The central question in statistics is that given a set of data, we would like to recover the random process that produced the data (that is, the probability law of the population). This question is extremely difficult in general and in the absence of strong assumptions on the underlying random process you really can't get very far (those who work in nonparametric statistics may disagree with me on this). A natural way to approach this problem would be to look for simple objects that do identify the population distribution if we do make some reasonable assumptions.

The question then becomes what type of objects should we search for. The best arguments I know about why we should look at the Laplace (or Fourier; I'll show you what this is in a second if you don't know) transform of the probability measure are a bit complicated, but naively we can draw a good heuristic from elementary calculus: given all the derivatives of an analytic function evaluated at zero we know everything there is to know about the function through its Taylor series.

Suppose for a moment that the function $f(t) = E[e^{tX}]$ exists and is well behaved in a neighborhood of zero. It is a theorem that this function (when it exists and behaves nicely) uniquely identifies the probability law of the random variable $X$. If we do a Taylor expansion of what is inside the expectation, this becomes a power series in the moments of $X$: $f(t) = \sum_{k=0}^\infty \frac{1}{k!} t^k E[X^k]$ and so to completely identify the law of $X$ we just need to know the population moments. In effect we reduce the question above "identify the population law of $X$" to the question "identify the population moments of $X$".

It turns out that (from other statistics) population moments are extremely well estimated by sample moments when they exist, and you can even get a good feel on how far off from the true moments it is possible to be under some often realistic assumptions. Of course, we can never get infinitely many moments with any degree of accuracy from a sample, so now we would really want to do another round of approximations, but that is the general idea. For "nice" random variables, moments are sufficient to estimate the sample law.

I should mention that what I have said above is all heuristic and doesn't work in most interesting modern examples. In truth, I think the right answer to your question is that we don't need moments because for many relevant applications (particularly in economics) it seems unlikely that all moments even exist. The thing is that when you get rid of moment assumptions you lose an enormous amount of information and power: without at least two, the Central Limit Theorem fails and with it go most of the elementary statistical tests. If you do not want to work with moments, there is a whole theory of nonparametric statistics that make no assumptions at all on the random process.

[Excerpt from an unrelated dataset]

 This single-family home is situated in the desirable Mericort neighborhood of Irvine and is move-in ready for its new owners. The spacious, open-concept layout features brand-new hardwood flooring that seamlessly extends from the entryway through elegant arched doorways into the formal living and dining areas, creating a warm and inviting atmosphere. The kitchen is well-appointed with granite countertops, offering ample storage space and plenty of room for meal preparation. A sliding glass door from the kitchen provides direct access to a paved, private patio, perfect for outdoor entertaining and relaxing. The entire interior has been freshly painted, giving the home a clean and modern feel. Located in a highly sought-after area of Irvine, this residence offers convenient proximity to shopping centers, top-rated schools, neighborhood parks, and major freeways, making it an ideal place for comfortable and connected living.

Moments are the constants of a population, as the mean, variance, etc., are. These constants help in deciding the characteristics of the population and on the basis of these characteristics a population is discussed.

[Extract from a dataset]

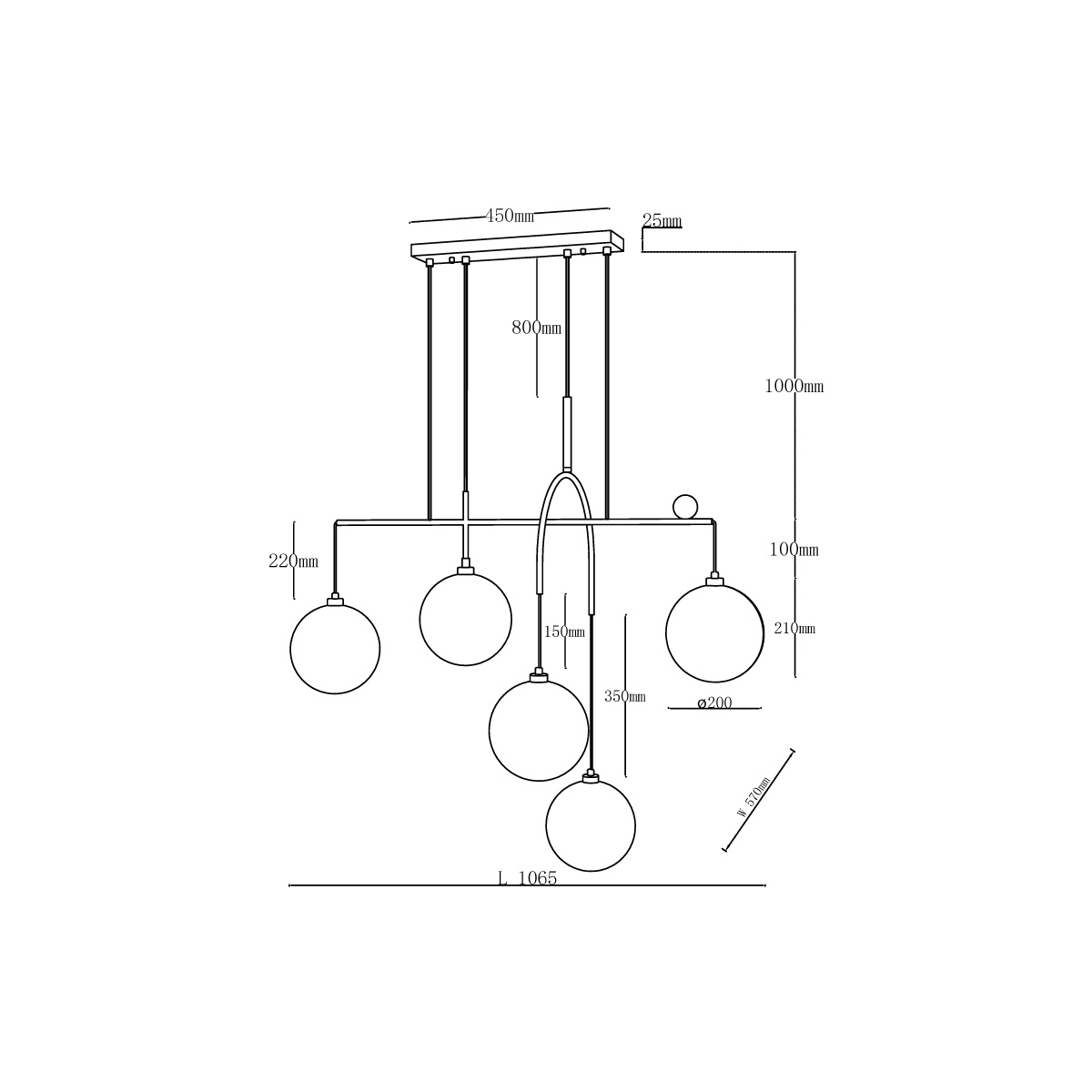 Длина подвеса, мм:

Moments help in finding AM, standard deviation and variance of the population directly, and they help in knowing the graphic shapes of the population.

We can call moments as the constants used in finding the graphic shape, as the graphic shape of the population also help a lot in characterizing a population.

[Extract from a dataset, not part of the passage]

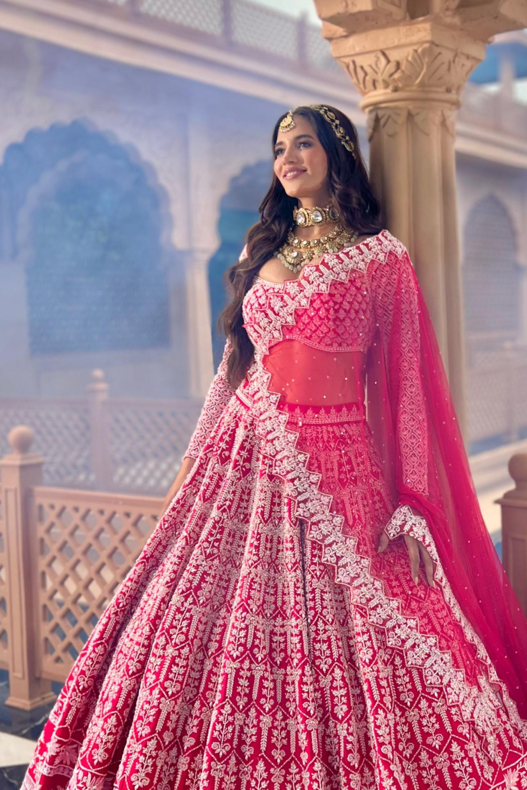 The Keisha Lehenga is an intricately hand-embroidered hot pink lehenga crafted from pure raw silk. Embellished with shimmering glass beads, pearls, crystals, cutdana, and sequins, it radiates richness and elegance. Paired with a modern yet traditional blouse, this ensemble strikes the perfect balance of contemporary and classic. A soft net dupatta with heavily embroidered borders completes the look, making it ideal for brides seeking bold color and timeless detail.

A possible intuition is as follows. Suppose that we have a random variable $X$ and let us consider the probability $P(|X|>x)$ with some $x>0$. We know that $P(|X|>x)\to0$ as $x\to\infty$ (we can prove this using the properties of the cumulative distribution function). But we might be interested in the rate of convergence. For example, can we say that $$x^pP(|X|>x)\to0$$ as $x\to\infty$ with some $p>0$? If $\operatorname E|X|^p<\infty$, then this is actually the case. Also, if $x^pP(|X|>x)\to0$, then $\operatorname E|X|^q<\infty$ for each $q<p$. So moments establish a certain bound on the rate of convergence of $P(|X|>x)$ and this rate of convergence is important in many situations (for instance, the law of large numbers and the central limit theorem). Loosely speaking, the more moments we have, the less probable large values of the random variable are.